HONG KONG  - China may debut the breakout fintech innovation of 2020. Beijing is primed to launch the world's first digital sovereign currency. The initial roll out looks cautious, focusing on consumer spending. Deploying the new technology more widely in the country's banking system could be the disruptive next step.

A 2019 survey from the Bank of International Settlements found that 70% of the world's major monetary authorities are studying their own digital versions of money. The People's Bank of China, worried about private alternatives like Facebook’s Libra and Bitcoin, is likely to be the first major economy to launch its own.

Details are scarce, but Mu Changchun, the head of the PBOC's digital currency research institute, hinted in November that an "e-yuan" will be distributed via commercial banks, Tencent, and Alibaba-backed Ant Financial, national giants of online payments. Mobile wallet users will hardly notice the difference.

But the underlying distributed ledger technology - essentially, a shared database that is constantly synchronised by a network of computers - would give authorities unprecedented ability to track and monitor online spending flows. That could arm watchdogs with a powerful tool against fraud, tax evasion and money laundering. Using digital currency in wholesale financial markets would make interbank settlements and other transactions more efficient and secure. Putting it to work in the more backwards corners of China's financial system could also aid efforts to clean up 2.4 trillion yuan ($341 billion) of officially recognised bad debt.
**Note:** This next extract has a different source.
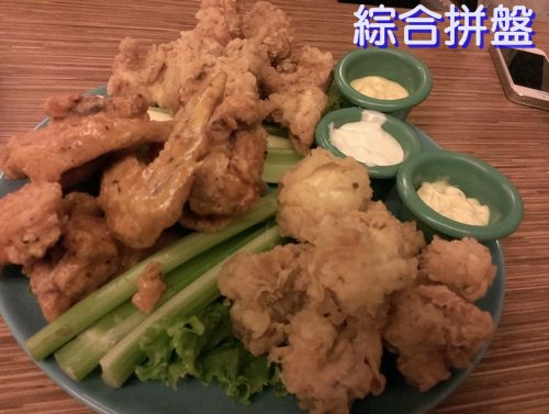 我們的綜合拼盤有炸香菇、酥雞柳條、水牛辣雞翅

One of China’s biggest problems, for example, is the illegal but widespread practice of pledging the same asset - bonds, deposit certificates, and shares - as collateral for multiple loans. Distributed ledgers could be more effective at detecting this practice than traditional databases used elsewhere. Many local businesses also still trade so-called discounted banker’s acceptance notes as cash-in-kind. Digitising these pieces of paper would also reduce fraud risk.

Rushing into the initiative would be risky but with President Xi Jinping backing blockchain, officials will have to deliver something. The PBOC will become China's next fintech star.

 

CONTEXT NEWS

- Mu Changchun, a Chinese central bank official said on Nov. 12 that a proposed digital currency is not a bid to gain “full control of information of the general public”. Speaking at a conference in Singapore, Mu stressed that the People’s Bank of China will balance public demands of anonymity with anti-money laundering and other concerns.

- The PBOC will adopt a two-tier approach with the project, Mu, who heads the central bank’s digital currency research institute, told a forum in Hong Kong earlier in the month. The monetary authority will first issue the currency to commercial banks and other institutions and they, in turn, will send it out for the public to use, he added.

- It is not clear when the new digital currency will be launched. Mu said in August that it was “almost ready”. The following month Chinese central bank chief Yi Gang said there was no timetable.